On 5/7/20 10:45 PM, Alexandre Julliard wrote:
Rémi Bernon rbernon@codeweavers.com writes:
+#if defined(__GNUC__) && ((__GNUC__ > 4) || ((__GNUC__ == 4) && (__GNUC_MINOR__ >= 7)))
- __atomic_store_n(&ptr->SystemTime.High2Time, system_time_high, __ATOMIC_SEQ_CST);
- __atomic_store_n(&ptr->SystemTime.LowPart, system_time_low, __ATOMIC_SEQ_CST);
- __atomic_store_n(&ptr->SystemTime.High1Time, system_time_high, __ATOMIC_SEQ_CST);
- __atomic_store_n(&ptr->InterruptTime.High2Time, interrupt_time_high, __ATOMIC_SEQ_CST);
- __atomic_store_n(&ptr->InterruptTime.LowPart, interrupt_time_low, __ATOMIC_SEQ_CST);
- __atomic_store_n(&ptr->InterruptTime.High1Time, interrupt_time_high, __ATOMIC_SEQ_CST);
- __atomic_store_n(&ptr->TickCount.High2Time, tick_count_high, __ATOMIC_SEQ_CST);
- __atomic_store_n(&ptr->TickCount.LowPart, tick_count_low, __ATOMIC_SEQ_CST);
- __atomic_store_n(&ptr->TickCount.High1Time, tick_count_high, __ATOMIC_SEQ_CST);
- __atomic_store_n(&ptr->TickCountLowDeprecated, tick_count_low, __ATOMIC_SEQ_CST);
Is this gcc-specific code really necessary?
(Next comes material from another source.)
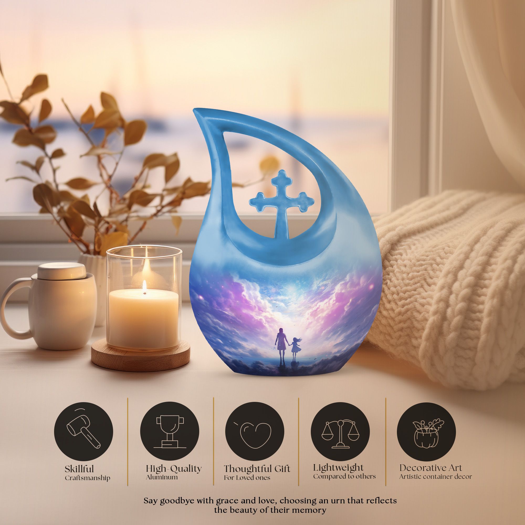 This Walking With Mother Themed Memorial Urn offers a touching tribute to the enduring bond between parent and child. Designed to bring comfort and peace, it serves as a heartfelt resting place for those seeking cremation urns large that reflect love, guidance, and everlasting connection.

I'm not sure it is strictly necessary but then it depends what guarantees we want to have. The volatile qualifier only acts as a compiler barrier and will make sure that the stores aren't optimized or reordered by the compiler. However it doesn't enforce anything on the CPU. I believe that X86 has global store ordering guarantees, but a quick search tells me that ARM or POWER don't, so the stores to the various members may be seen out of order from another CPU depending on the architecture.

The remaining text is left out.